Closed tcompa closed 7 months ago
Having this list in a dict with the only key image_list_updates is there so we know whether a task provided an image_list_updates or a parallelization_list I assume?
Rather than the difference between image-list-updates and parallelization-list, returning a top-level dictionary is necessary to distinguish between image_list_updates
, image_list_removals
and filters
. Agreed: when only one of those is set, the rich structure appears cumbersome.
As a by-product, returning a top-level dictionary also fits well with validation of the task metadata output through Pydantic models, but this is not a hard constraint - we can customize this validation logic at will to avoid Pydantic if we have a reason. An example to make this clear i that e.g. for init tasks we could in principle move from
return dict(parallelization_list=[...])
to
return [...]
and this would not be too hard to validate server-side, even if it's not vanilla Pydantic.
What we don't have an alternative for is the case of a parallel task (or a non-parallel standalone one), where we would need to replace
return dict(
image_list_updates=[...],
image_list_removals=[...],
filters={...},
)
with something else.
Ah right, thanks for the details on this!
Conclusion: the image_list_updates stay as they are for good reason.
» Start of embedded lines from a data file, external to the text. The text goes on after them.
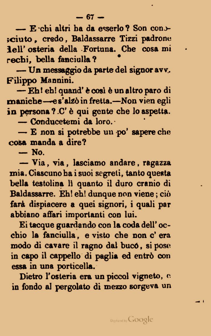 Ei tacque guardando con la coda dell' occhio la fanciulla, e visto che non c' era modo di cavare il ragno dal bucò, si posi; in capo il cappello di paglia ed entrò con essa in una porticella.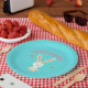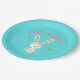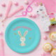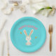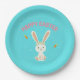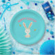Happy Easter white bunny on blue Paper Plate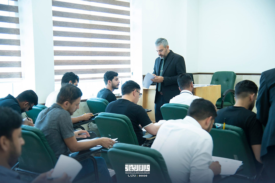 The ministerial final exams for students of the faculties and departments of the University of Warith Al-Anbiyaa (PBUH) continue with excellent smoothness amid a good atmosphere and high coordination, in the presence of the esteemed ministerial committee and the respected Professor Dr. Waqid Al-Mousawi, the assistant president of the university for scientific affairs.

They are also the ones typically provided by task developers.
Whether we should simplify the parallelization_lists: May be nice. Can we still robustly detect the output and validate it server-side? e.g. avoid confusion between an init_task and a non-parallel task output. In general, the parallelization list felt less cumbersome to build in tasks so far, because we're actually putting many items in there. So the dictionary didn't feel like too much red tape there
One thought that came up while working on the Import OME-Zarr task: What's the name of return object that can contain image_list_updates
, image_list_removals
and filters
? I have been thinking about it as image_list_updates
, but that's very confusing ;)
What is the overarching term for this dict that a typical task returns? image_list_changes? Any good ideas for naming here?
One thought that came up while working on the Import OME-Zarr task: What's the name of return object that can contain
image_list_updates
,image_list_removals
andfilters
? I have been thinking about it asimage_list_updates
, but that's very confusing ;)What is the overarching term for this dict that a typical task returns? image_list_changes? Any good ideas for naming here?
Within fractal-server, we typically call it task_output
, and the corresponding Pydantic models are named TaskOutput
and InitTaskOutput
. On the server side, there is no ambiguity between the actual task data output (on-disk) and the task metadata output (the one that goes back to Fractal).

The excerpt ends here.